Our work on the role of morphogens in axon guidance has identified a dual role of Shh (Sonic hedgehog) in the navigation of post-crossing commissural axons. Shh has a direct effect on the navigation of post-crossing axons expressing Hhip as a receptor. Hhip mediates a repulsive effect resulting in axons turning away from high concentration of Shh. In addition, Shh guides post-crossing commissural axons indirectly by shaping a Wnt gradient with opposite orientation compared to the Shh gradient. Wnt acts as attractant for post-crossing axons. Wnt signaling in commissural axon guidance is complex and uses components of both the canonical (β-Catenin-dependent) and the planar cell polarity pathway. Detailed analysis of Shh signaling in post-crossing commissural axons suggests that the primary cilium is required in a cell-autonomous manner in both mouse and chicken embryos.

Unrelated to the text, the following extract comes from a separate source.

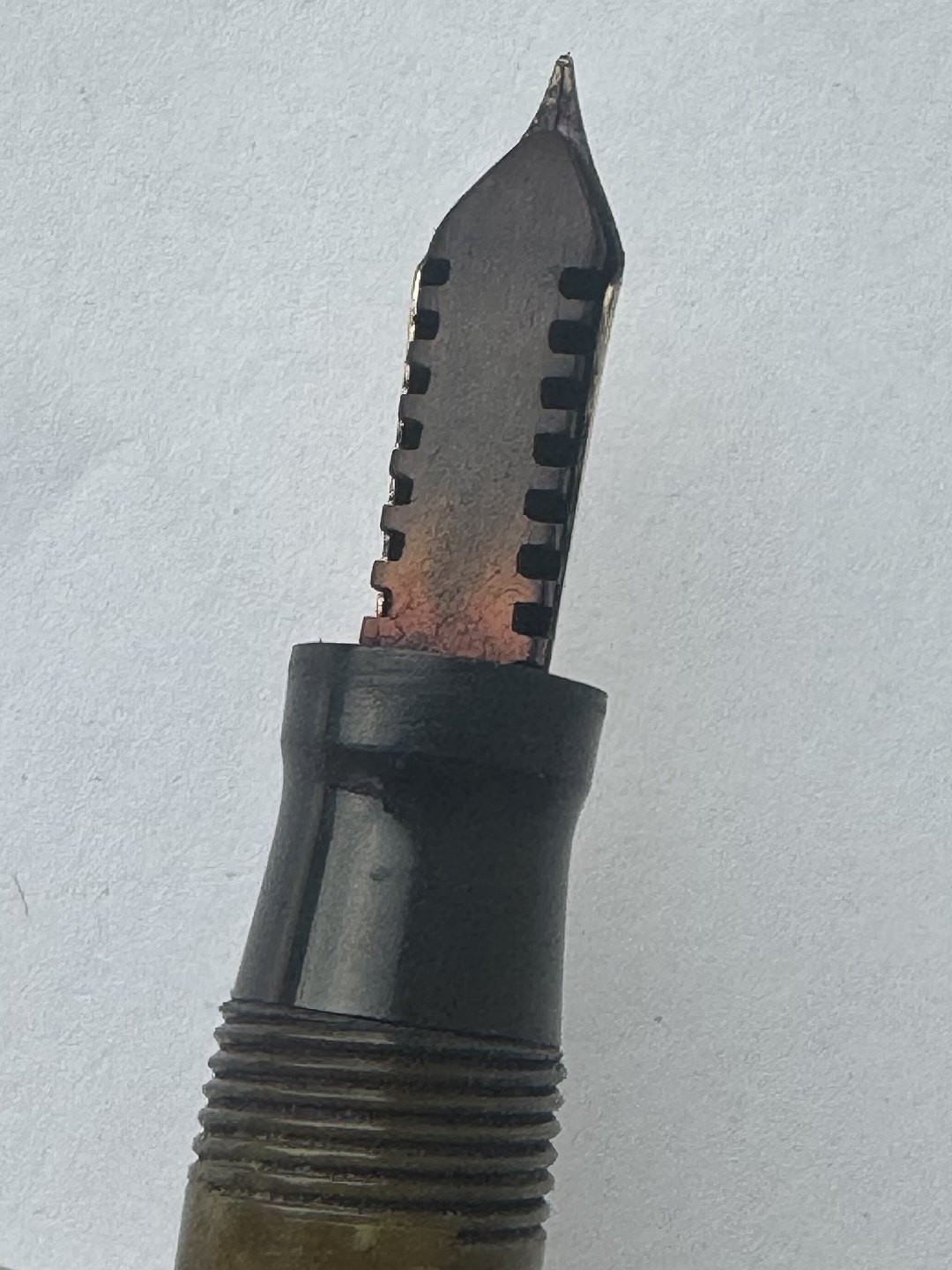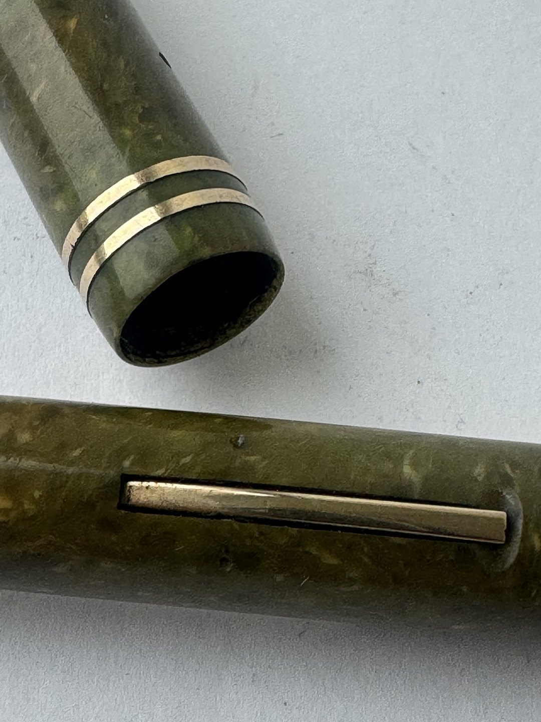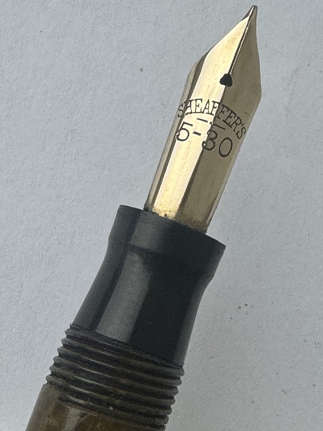 Short Sheaffer's fountain pen with lever filler. Small eyelet mounted at the top of the cap. Before the fountain pen works again, a new rubber sack must be inserted so that ink can be refilled. Otherwise in fine condition with all original Sheaffer's parts. Length: 11.8 cm Dealer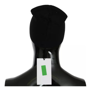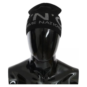 Costume National Black Wool Blend Branded Beanie Hat

In mouse, an effect of primary cilium-mediated signaling on cell differentiation and axon guidance cannot be separated. However, our studies in chicken embryos with the possibility for precise temporal control of loss of gene function demonstrated that the primary cilium is directly involved in axon guidance. In collaboration with pediatricians and human geneticists, we have generated an animal model to study the effect of mutations in C5ORF42/Jbts17, a ciliary gene. Patients suffer from intellectual disability and exhibit facial dysmorphology. These findings are in line with the animal model, where facial structures were found to be aberrant and neural circuit formation was compromised.